Prompt for TinyTutor Notebook 5: 05_evaluation_and_observability.ipynb
# TinyTutor Capstone Notebook 5: Evaluation and Observability
## Objective
Generate runnable Python code using the **ADK** to implement robust quality control checks (Evaluation) and deep debugging capabilities (Observability). This notebook enforces the principle that **"The Trajectory is the Truth"** [2], ensuring the entire decision-making process is visible and judged. This system integrates two specialized Critique Agents into the Lesson Coordinator pipeline developed in Notebook 4.
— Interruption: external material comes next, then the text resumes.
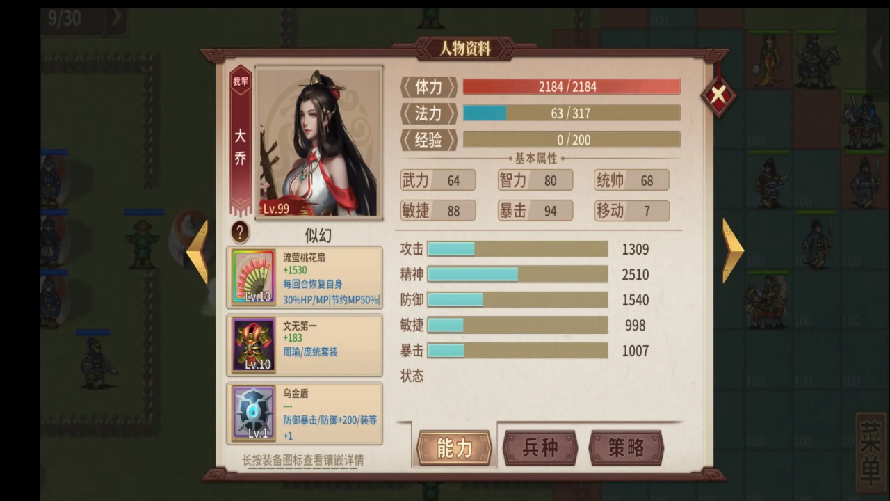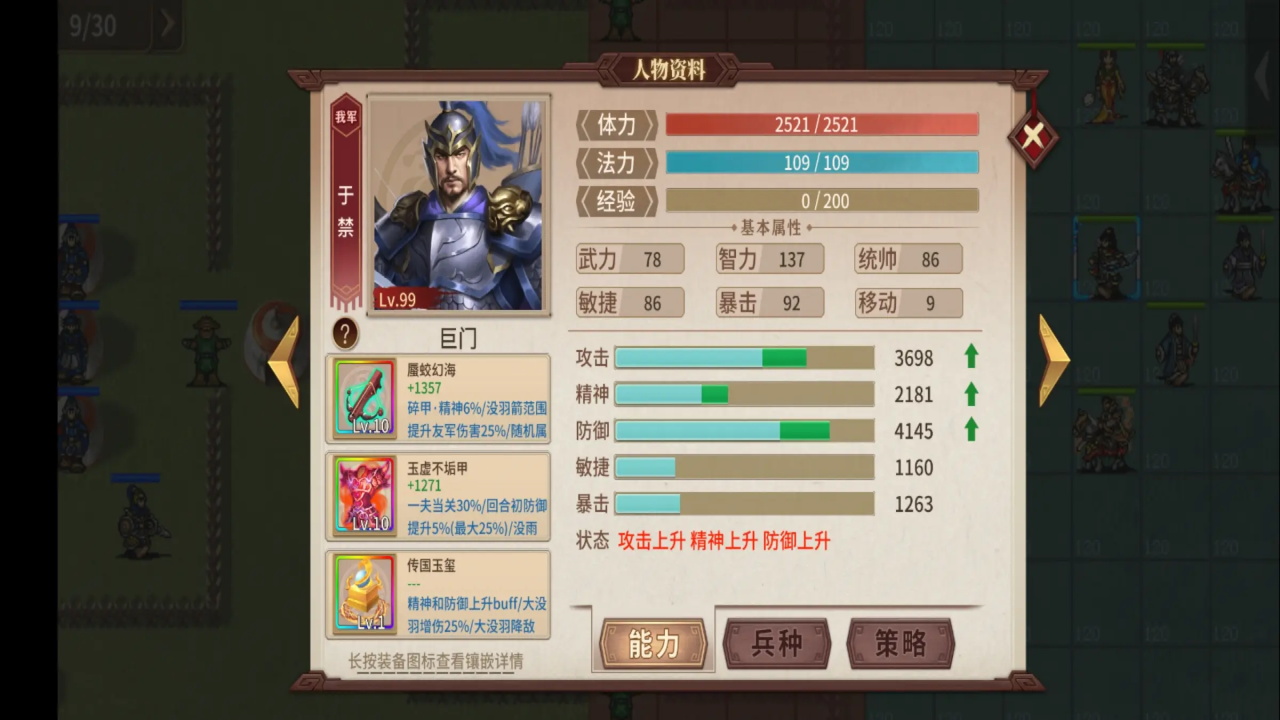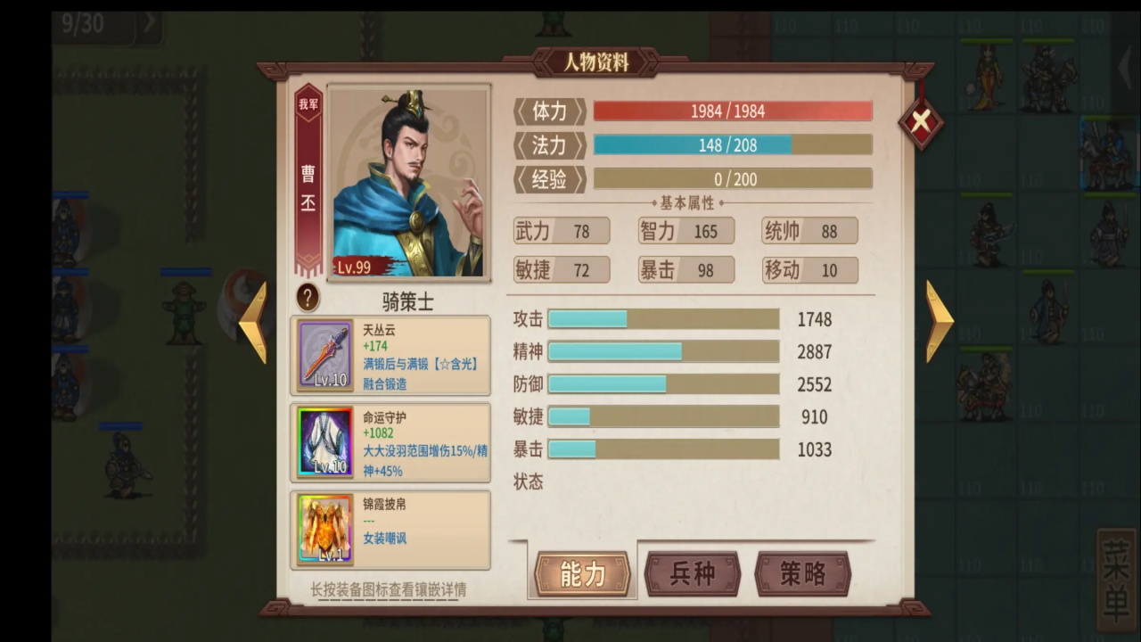 1.曹丕,骑策即可,装备不用和我一样。如果有女装的话,可以释放技能降低诸葛精神。

## Implementation Requirements

1.  **Agent and Pipeline Definitions:** Re-define the complete multi-agent pipeline (`TinyTutorCoordinator` and its sub-agents/tools) from Notebook 4.
2.  **Observability Setup:** Configure the ADK runner to display the **full internal trajectory** (trace/thought process) of the agents during execution. This includes the LLM's reasoning, tool selection, arguments passed, and observations received, as logging and tracing are the foundation for seeing inside the agent's mind.
3.  **Safety Checker Agent:** Define an `LlmAgent` named `SafetyCheckerAgent` (or `reviewer_agent`, as per the file structure).
    *   **Role:** Acts as a non-negotiable guardrail. Its primary instruction must be to review the `{final_script}` for **age-appropriateness, harmful content, and adherence to safety policies**.
    *   **Model:** This agent should simulate using a high-tier model (e.g., Gemini 1.5 Pro) for critical safety assessment.
    *   **Output:** Must return a structured pass/fail assessment (e.g., JSON) indicating the safety status and justification.
4.  **Evaluation Agent (LLM-as-a-Judge):** Define a specialized `LlmAgent` named `EvaluatorAgent`.
    *   **Role:** Acts as the automated quality judge. Provide it with a detailed **rubric** (e.g., scoring Simplicity, Coherence, and ELI5 adherence on a scale of 1-5).
    *   **Integration:** Incorporate both the `SafetyCheckerAgent` and `EvaluatorAgent` sequentially after the `ScriptwritingAgent` finishes its task.
5.  **Execution:** Run the complete multi-agent pipeline for a complex topic (e.g., "The mechanism of photosynthesis"). The final output must clearly show:
    *   The **full execution trace** (trajectory) proving observability.
    *   The structured quality scores and safety check results from the Judge Agents.

## Generation Prompt
"Generate the runnable Python code for the '05_evaluation_and_observability.ipynb' notebook for the **TinyTutor** project. The code must integrate a `SafetyCheckerAgent` and an `EvaluatorAgent` (LLM-as-a-Judge) into the multi-agent pipeline from Notebook 4. Configure the runner to display the **full agent execution trace/trajectory**, demonstrating observability. The final output must include the structured, rubric-based scores from the evaluator and the safety status from the checker."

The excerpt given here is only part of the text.